Heterogeneous distribution of diffusive behaviors and brightness of ARG3 mRNP particles. (A) Distribution of diffusion coefficients for 231 mRNA trajectories. The average trajectory length used to calculate D was 673 time steps. The mean diffusion coefficient ...

The mean ensemble diffusion coefficient from this analysis was 0.039 μm2/s, which is consistent with previous measurements in other organisms (32, 33, 51). The peak of the distribution, which is more representative of the majority of behaviors, was 0.018 μm2/s. The highest diffusion coefficient observed was 0.40 μm2/s. For a homogenous population of Brownian particles with diffusion coefficients measured by finding the slope of the MSD, a characteristic distribution of experimentally observed diffusion coefficients is expected due to limited numbers of position measurements (20, 22, 49). The observed distribution of D values shown in Fig. 2 is far broader than a simulated Brownian distribution with excess density at larger values of D (see SI Text). Although a distribution of diffusion coefficients for mRNPs in yeast has not, to our knowledge, been previously reported, there are two well-established reasons to expect a broad distribution of diffusion coefficients: first, the heterogeneity of the mRNPs themselves, and second, the heterogeneity of the cellular environment. Because the ARG3 mRNPs we studied most likely comprise not single mRNAs, but a conglomeration of one or more mRNA molecules, ribosomes, RNA-binding proteins, and other mRNP associated entities (52), it is reasonable to expect a wide variety of particle sizes, and thus, a variety of diffusion coefficients.

Variation in the apparent brightness of the particles, which is roughly proportional to the number of EGFP units bound, provides evidence for particle heterogeneity; precise counting of the number of EGFPs is not the goal here (53). To carefully measure the photon emission rate of the particles, the phase modulation of the spatial light modulator was turned off and the mRNPs were imaged in standard 2D wide-field epifluorescence mode. In a histogram of particle brightness measured in absolute numbers of photons detected above background per 15-ms image (Fig. 2B), a peak at around 2,500 photons/15 ms is likely to represent single ARG3 mRNA molecules with ~36 bound EGFPs. (For more details on the photon counting in Fig. 2B, see SI Text.) Particles with higher photon counts therefore suggest mRNPs containing more than one labeled ARG3 mRNA molecule (39). This wide distribution of particle brightness and the heterogeneity in apparent diffusion coefficient (Fig. 2A) may both be due in part to heterogeneous mRNP composition and stoichiometry.

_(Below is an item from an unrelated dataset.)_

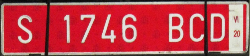 Las placas provisionales para empresas llevan letras blancas sobre fondo rojo. Las preside una V (vehículos ya registrados) o una S (sin matricular), a la que se suman un número de cuatro cifras y tres letras. En el lateral, una franja indica la validez de la placa.
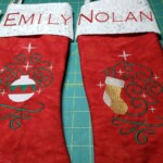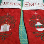 Once I had the backs cut, I created the embroidery files for each stocking front. I had the filigree ornament embroidery designs on hand (I cannot remember from where I originally purchased them) and then added additional stars and swirls using Embrilliance Essentials embroidery software. The font for the names was one purchased from Designs by JuJu (which is where all my favorite BX fonts come from).

Classifying Changes in mRNP Motion

In the above discussion the average values of parameters such as the diffusion coefficient and localization precision were measured from entire trajectories, where each trajectory gives one diffusion coefficient and one localization precision. Although time-average quantities from each trajectory can be used to assess global heterogeneity, we seek a deeper picture of the mRNP dynamics. The trajectories lasted on average for 673 time steps or 10.1 s, which was long enough to observe switching between different modes of transport. By analyzing the behavior of each individual trajectory we were able to objectively classify intervals of dynamic behavior of each particle into one of three main modes, (i) confined (or stationary), (ii) directed, or (iii) diffusive. The two tests we used to define periods of confinement and directed transport, respectively, were each based on cutting a long trajectory into much shorter subtrajectories that were then subjected to a statistical test comparing the observed behavior to a null hypothesis. For both cases, the null hypothesis was a simulated three-dimensional unobstructed Brownian random walk with an average D and localization precision identical to the measured values for the corresponding experimental trajectory. As a probability threshold for classifying a behavior as deviating from the null model, we required that only 5% of the simulated Brownian trajectories would have been incorrectly characterized as confined or directed, respectively. Clearly, one could apply even more complex statistical analysis to the three-dimensional trajectories obtained using the DH-PSF, especially the apparently diffusive subtrajectories. For example, by using a maximum likelihood estimation scheme rather than fitting the MSD, one can more accurately sense changes in D as a function of time (50). One could also further analyze the periods of anomalous subdiffusive movement (sublinear time-lag dependence of the MSD) to understand the finer details of the cellular environment (54, 55).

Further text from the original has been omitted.